Я вышел на крыльцо, снял со вбитого в столб гвоздя два собачьих поводка, наращенных веревкой, — они там висели по соседству с жестяной кружкой, из которой мы пили воду. Я вошел в сарайчик и прицепил поводки к ошейникам собак, радостно запрыгавших вокруг меня. Щенку разрешалось бегать без поводка. Собаки, опустив нос и прижав уши, потащили меня через фруктовый сад. Они так рвались вперед, что ошейники то и дело впивались им в горло под встопорщившейся от удовольствия шерстью, и они давились и кашляли. Веревка, которую я намотал себе на руку, натягиваясь, больно терла мне кожу, и рука в этом месте горела. У шеренги подсолнухов собаки напали на чей-то след и с такой силой рванулись по этому следу, что я вынужден был припуститься бегом. Разлапую темную зелень клубники на огороде глушили разросшиеся лопухи, подорожник и молочай. Земля, вывороченная вчера мотыгой Пегги, посветлела и запеклась на солнце. Напрягая тугие мышцы, собаки тащили меня дальше, к большому полю, где трактор, разрыв норки всякой полевой твари, создал для них новый, приманчивый мир.
Вся схема моего вчерашнего движения по полю была аккуратно вычерчена уже подсыхающими рядками скошенной травы. А стерня снова пестрила головками цветов — тех, что не попали под нож косилки, и тех, что только сегодня родились на свет. Цветы — лучшая реклама, подумал я, и тут же мне пришло в голову, что можно использовать эту мысль в моей работе. Щенок спугнул бабочку; полетели уже две бабочки — она сама и ее тень.

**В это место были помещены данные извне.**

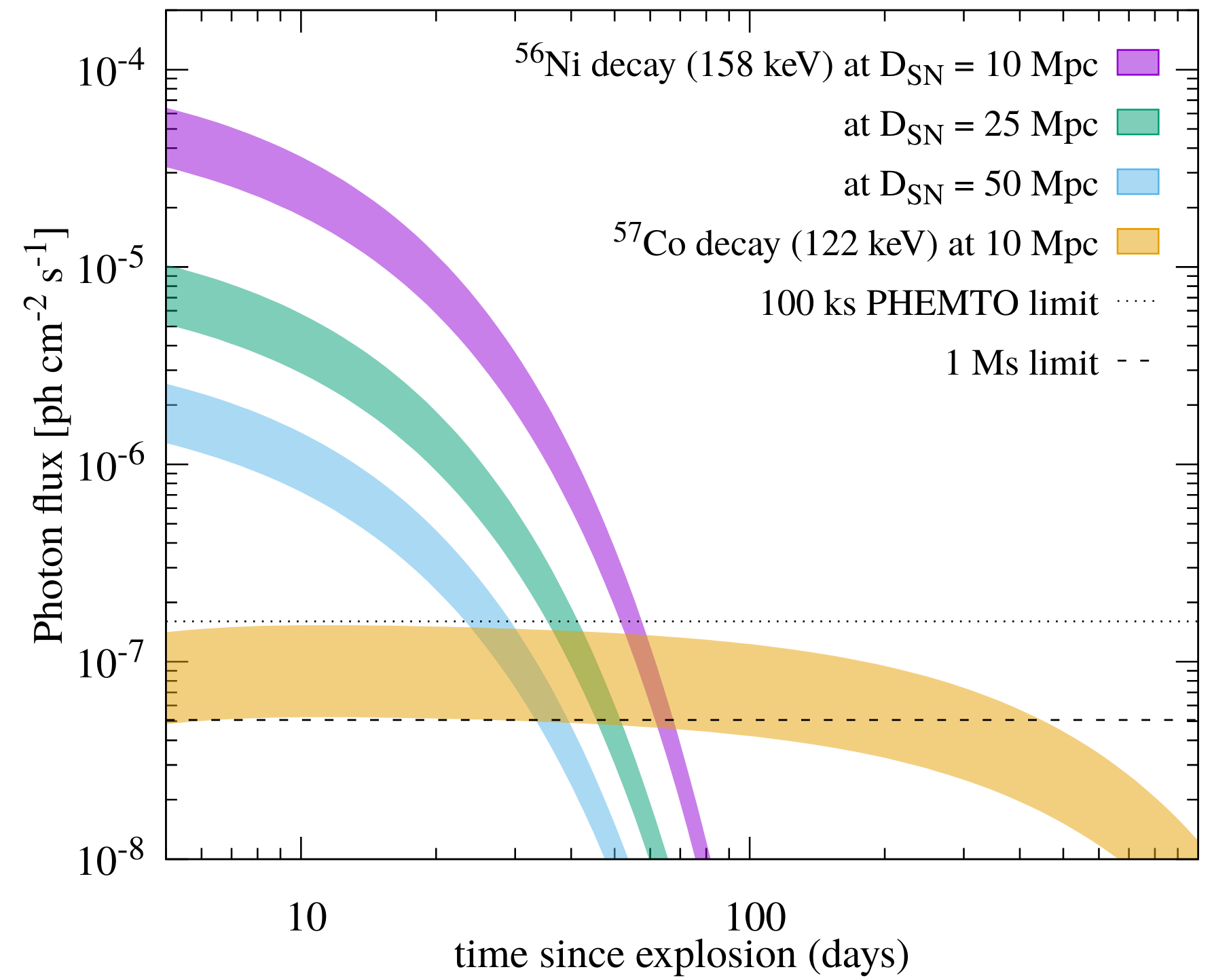 The optical light curve of supernovae (SNe) is powered by the decay of radionuclides synthesized at the nuclear burning front of SNe. Type Ia SNe, in particular, are the main source of Fe in the Universe, from the decay of their main product 56Ni to 56Co and 56Fe. The resulting nuclear lines and high-energy continuum emission provide the most direct measurement of the nickel mass of SNe Ia, an essential constraint of the progenitor channel of SN Ia [Maeda et al., 2012]. So far, only the nearest type Ia SN2014J has been detected via nuclear lines with INTEGRAL [Diehl et al., 2014]. As the 3D nature of the explosion and viewing angle affect the line detection and measurement of Ni production [Summa et al., 2013], a larger sample of SN Ia is needed. For this, PHEMTO’s three order of magnitude sensitivity improvement with respect to INTEGRAL IBIS will dramatically increase the detection horizon: At an anticipated line sensitivity of 2 × 10−7 ph cm−2 s−1 for 100 ks, the 158 keV 56Ni →56Co decay line can be observed routinely for SNe Ia within 50 Mpc (Fig. 2), or about one event per month. Furthermore, the mass of another nickel isotope (57Ni) can be observed from the 122 keV line of 57Co → 57Fe decay (t1/2 = 272 d). The ratio 57Ni/56Ni is sensitive to the physical conditions (central density and metallicity) of the exploding white dwarf [Leung and Nomoto, 2018]. For a SN Ia nearby (< 10 Mpc, about one event per mission lifetime), we will have the possibility to obtain the first ever direct measurement of 57Ni yield (Fig. 2). Coupled with high spectral resolution from NewAthena to measure the yields of 55Fe and neutron-rich species (Cr, Mn), we will be able to fully characterize the progenitor channel of type Ia SNe.

Наши тени были по-полдневному коротки. В небе, точно приступы боли, набегали тусклые облака и сразу же таяли, разлетались бесформенными хлопьями, как смятое войско, как последние проблески угасающей жизни. Мне хотелось вернуться в дом, я боялся, что собаки увлекут меня к самым дальним границам фермы. Но когда мы миновали пригорок за большим полем, откуда в зимние дни виден серебряный шпиль олтонской судебной палаты, они остановились по первому окрику и покорно затрусили обратно, будто продолжая проложенный в ежедневных прогулках с моей матерью маршрут — вдоль живых изгородей сумаха и айланта, по нижнему краю большого поля, мимо развалин табачной сушилки, через дорогу и во двор дома. Еще несколько минут веселой возни и притворного сопротивления, и вся тройка была благополучно водворена в свой сарайчик. В лохматых штанишках задних собачьих лап запутались колючки репейника и какие-то зеленые семена, похожие на сточенные наконечники стрел. Глянув вниз, я увидел, что природа и меня использовала для своих целей: манжеты моих брюк тоже несли на себе семена.
Дома Ричард читал, Пегги наготовила сандвичей с колбасой и теперь разогревала грибной суп. Стол был накрыт на три прибора.
— Как она там?
Ответил Ричард:
— Сказала, что ягоды очень вкусные, а обедать она не хочет.
Я посмотрел на книгу, которую он читал; это был мой Вудхауз.
— А не рассердится она, если мы позовем доктора?
— Чего тут сердиться? И ведь она же сама сказала.
— Очень это на нее непохоже.
Пегги, внимательно следившая за молоком, которое лила в суп, оглянулась на мои слова; глаза у нее потемнели. Мне вспомнилось неожиданное замечание матери о мужчинах, которые ищут себе оправдания, причинив женщине горе.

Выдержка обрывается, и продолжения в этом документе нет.